[[ DATA IN THIS EXERCISE, beginning ]]

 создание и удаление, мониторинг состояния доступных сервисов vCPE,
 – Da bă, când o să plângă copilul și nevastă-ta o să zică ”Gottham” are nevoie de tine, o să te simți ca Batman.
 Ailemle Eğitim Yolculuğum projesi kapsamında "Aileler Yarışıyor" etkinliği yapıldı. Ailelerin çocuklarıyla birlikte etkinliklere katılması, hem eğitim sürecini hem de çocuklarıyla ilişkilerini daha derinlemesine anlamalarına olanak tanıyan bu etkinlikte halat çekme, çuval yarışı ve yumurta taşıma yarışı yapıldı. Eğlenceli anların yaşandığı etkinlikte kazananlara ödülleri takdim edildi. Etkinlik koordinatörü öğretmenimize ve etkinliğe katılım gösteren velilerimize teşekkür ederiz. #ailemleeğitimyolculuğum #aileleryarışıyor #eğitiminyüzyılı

[[ DATA IN THIS EXERCISE, end ]]
[[ DATA IN THIS EXERCISE, beginning ]]

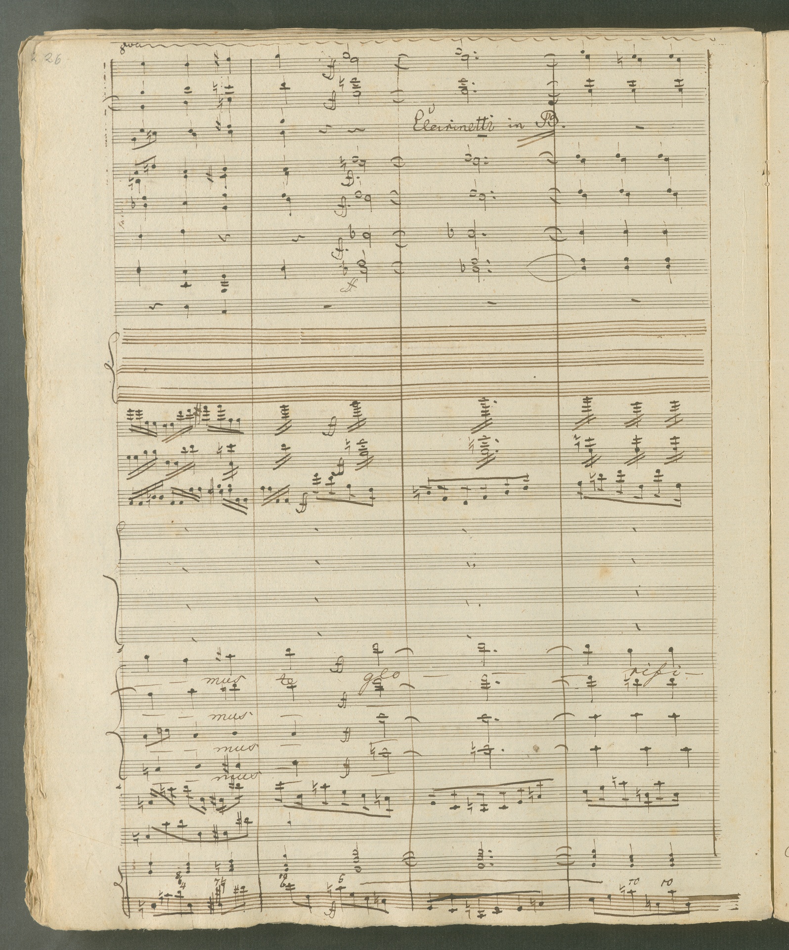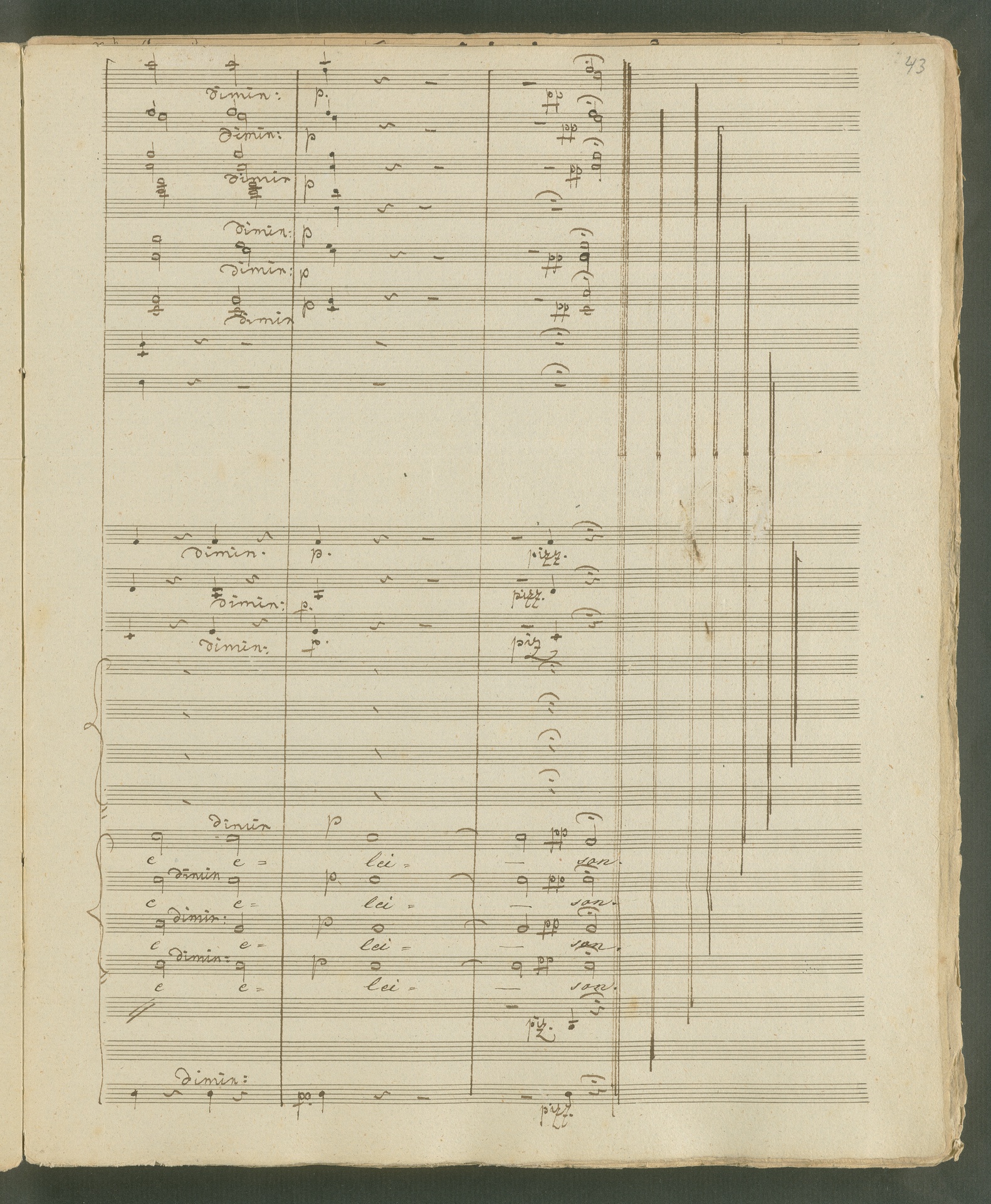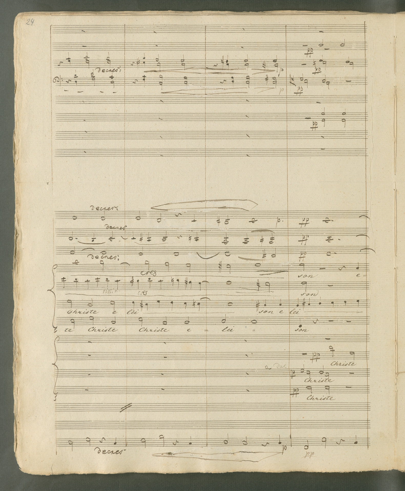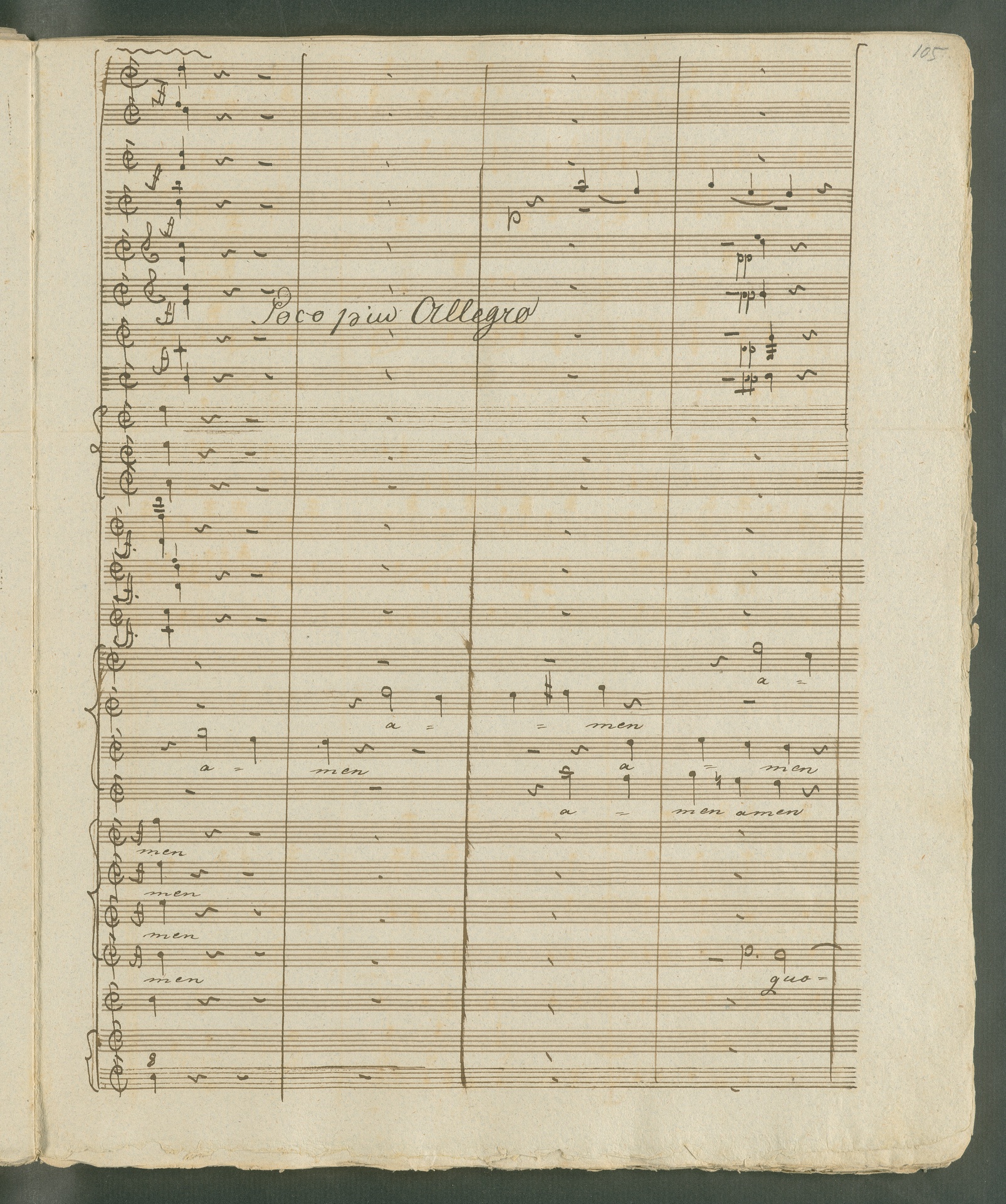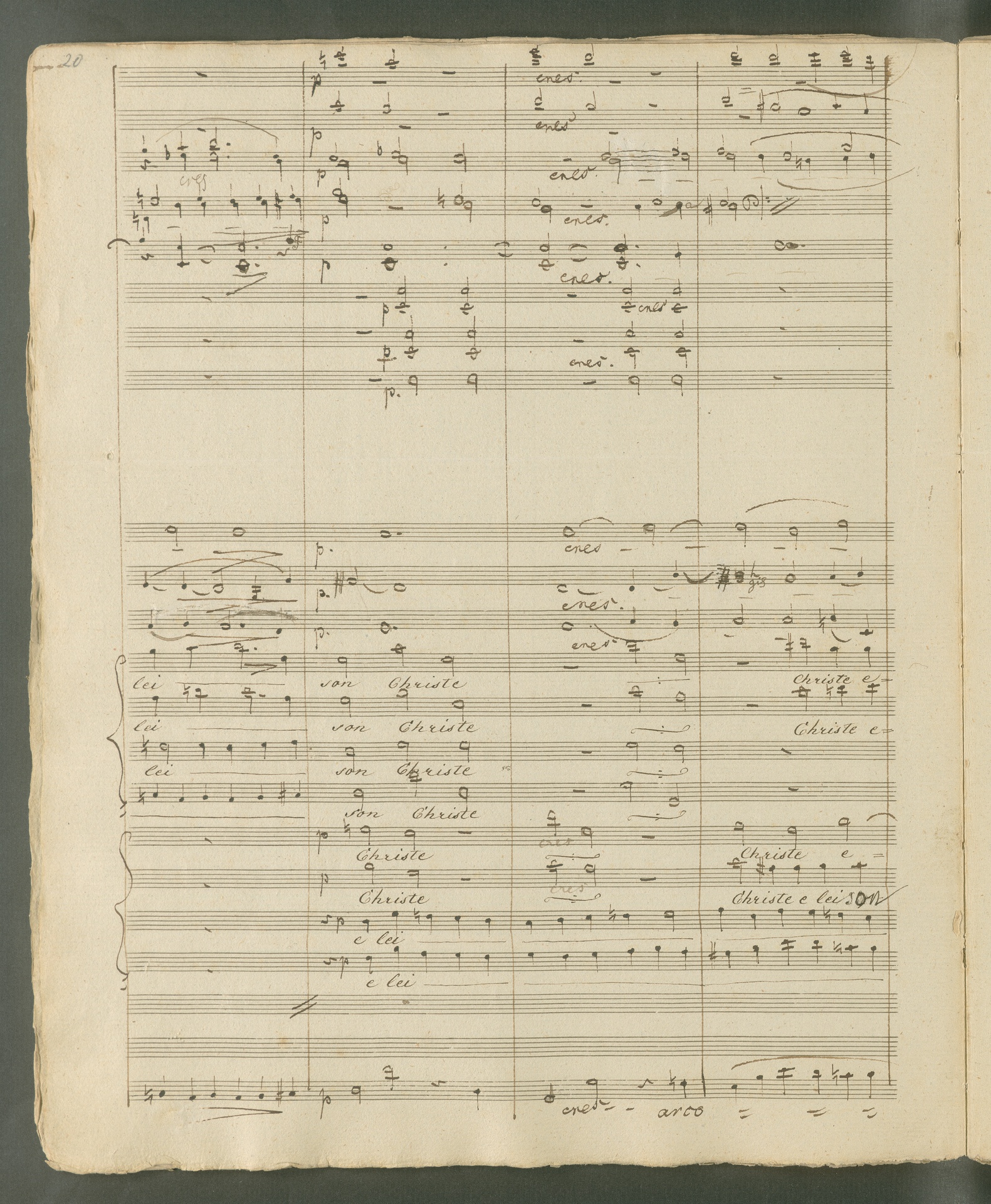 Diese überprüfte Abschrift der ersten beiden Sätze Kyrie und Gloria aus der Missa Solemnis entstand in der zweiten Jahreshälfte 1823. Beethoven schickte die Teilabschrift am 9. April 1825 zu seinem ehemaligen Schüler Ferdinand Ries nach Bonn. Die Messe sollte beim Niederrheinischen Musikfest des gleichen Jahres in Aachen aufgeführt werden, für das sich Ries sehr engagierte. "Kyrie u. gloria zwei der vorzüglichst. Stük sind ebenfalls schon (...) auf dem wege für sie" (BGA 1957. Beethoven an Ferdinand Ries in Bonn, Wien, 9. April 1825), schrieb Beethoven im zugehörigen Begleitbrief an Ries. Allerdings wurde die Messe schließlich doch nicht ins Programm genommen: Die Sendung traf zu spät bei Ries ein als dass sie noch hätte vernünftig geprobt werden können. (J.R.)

[[ DATA IN THIS EXERCISE, end ]]
[[ DATA IN THIS EXERCISE, beginning ]]

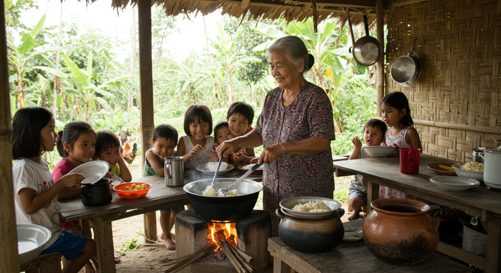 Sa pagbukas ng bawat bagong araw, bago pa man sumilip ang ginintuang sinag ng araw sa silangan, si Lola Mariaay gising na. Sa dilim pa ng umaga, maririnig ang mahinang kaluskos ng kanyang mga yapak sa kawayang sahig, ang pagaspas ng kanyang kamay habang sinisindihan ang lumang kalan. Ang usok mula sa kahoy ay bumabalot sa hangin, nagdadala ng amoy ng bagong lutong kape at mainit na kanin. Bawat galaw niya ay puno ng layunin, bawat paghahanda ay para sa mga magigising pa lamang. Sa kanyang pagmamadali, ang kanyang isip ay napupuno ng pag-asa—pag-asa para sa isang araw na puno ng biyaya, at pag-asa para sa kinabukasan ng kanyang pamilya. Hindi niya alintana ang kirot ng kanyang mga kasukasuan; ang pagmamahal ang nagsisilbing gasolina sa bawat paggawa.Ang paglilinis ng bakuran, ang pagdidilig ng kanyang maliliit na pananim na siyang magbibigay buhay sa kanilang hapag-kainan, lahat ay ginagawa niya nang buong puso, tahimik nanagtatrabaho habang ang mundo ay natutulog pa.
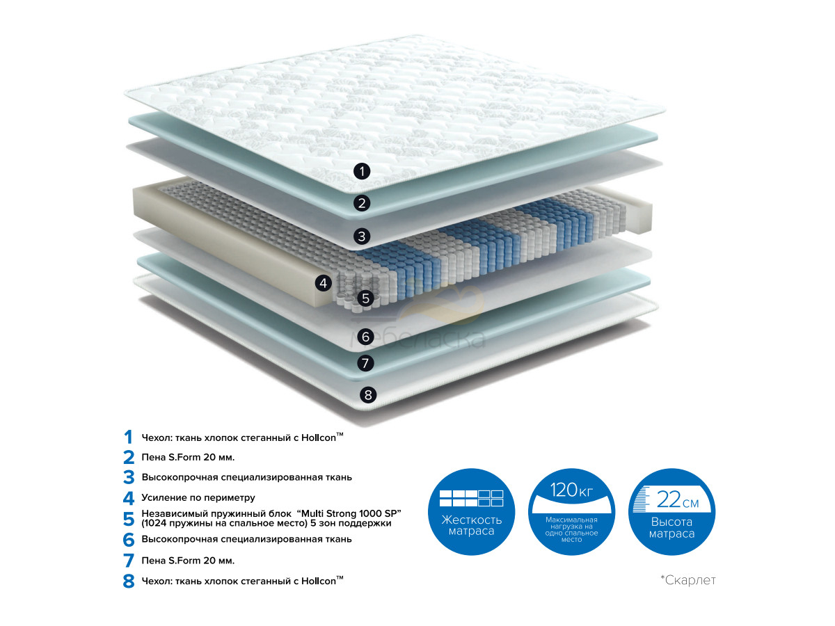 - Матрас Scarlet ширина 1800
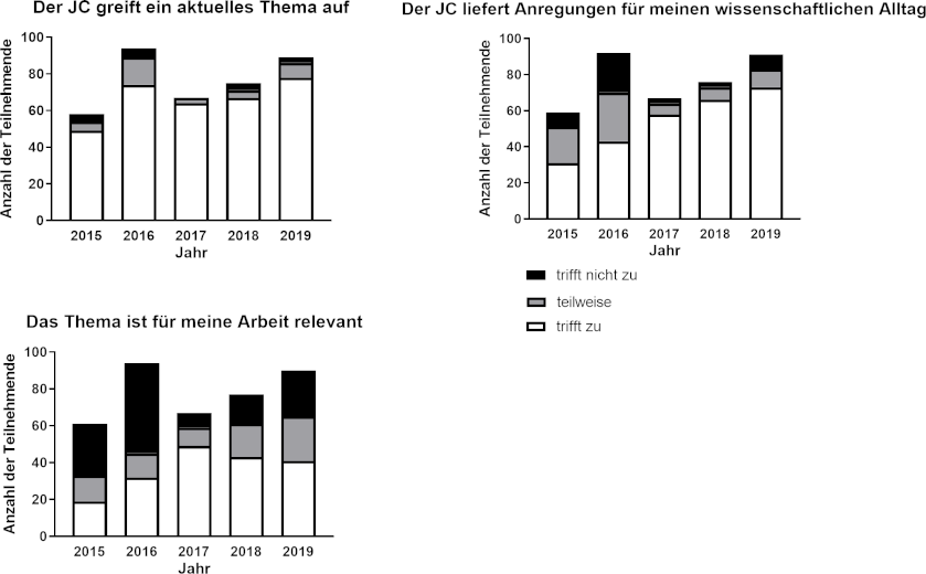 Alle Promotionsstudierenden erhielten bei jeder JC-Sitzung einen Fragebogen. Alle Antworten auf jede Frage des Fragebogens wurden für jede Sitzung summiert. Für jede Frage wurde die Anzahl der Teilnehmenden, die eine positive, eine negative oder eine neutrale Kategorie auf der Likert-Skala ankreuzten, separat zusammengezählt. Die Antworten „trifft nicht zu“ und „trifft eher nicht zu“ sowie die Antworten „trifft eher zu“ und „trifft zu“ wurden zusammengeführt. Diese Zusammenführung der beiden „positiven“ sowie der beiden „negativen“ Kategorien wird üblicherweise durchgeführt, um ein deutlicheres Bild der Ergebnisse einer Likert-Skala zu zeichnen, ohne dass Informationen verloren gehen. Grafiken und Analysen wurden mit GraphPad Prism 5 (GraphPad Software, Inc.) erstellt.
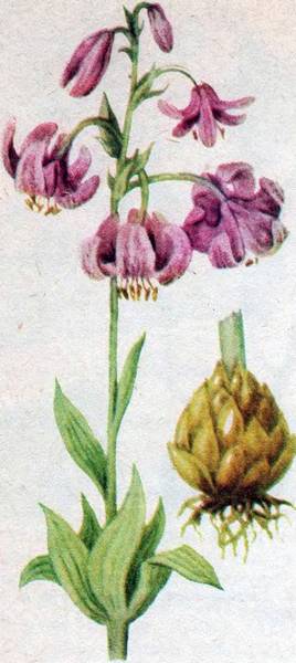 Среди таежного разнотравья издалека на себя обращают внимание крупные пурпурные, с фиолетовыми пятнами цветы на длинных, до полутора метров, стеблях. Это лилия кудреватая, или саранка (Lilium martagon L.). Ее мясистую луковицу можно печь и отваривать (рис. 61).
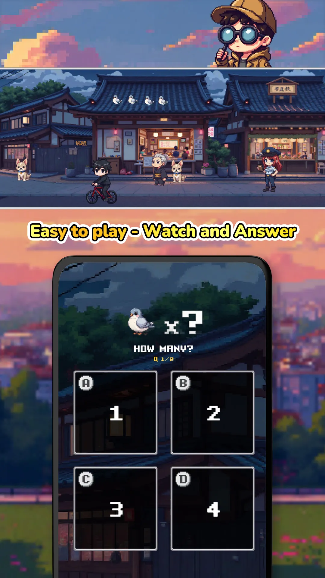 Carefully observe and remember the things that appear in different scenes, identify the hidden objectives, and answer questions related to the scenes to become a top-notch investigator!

[[ DATA IN THIS EXERCISE, end ]]

WORK TO COMPLETE: Look back at the entries above. Retype the line with "simți ca Batman.", the line with "Ailemle Eğitim Yolculuğum", and all lines in between.

RESPONSE FOR THIS EXERCISE:
 – Da bă, când o să plângă copilul și nevastă-ta o să zică ”Gottham” are nevoie de tine, o să te simți ca Batman.
 Ailemle Eğitim Yolculuğum projesi kapsamında "Aileler Yarışıyor" etkinliği yapıldı. Ailelerin çocuklarıyla birlikte etkinliklere katılması, hem eğitim sürecini hem de çocuklarıyla ilişkilerini daha derinlemesine anlamalarına olanak tanıyan bu etkinlikte halat çekme, çuval yarışı ve yumurta taşıma yarışı yapıldı. Eğlenceli anların yaşandığı etkinlikte kazananlara ödülleri takdim edildi. Etkinlik koordinatörü öğretmenimize ve etkinliğe katılım gösteren velilerimize teşekkür ederiz. #ailemleeğitimyolculuğum #aileleryarışıyor #eğitiminyüzyılı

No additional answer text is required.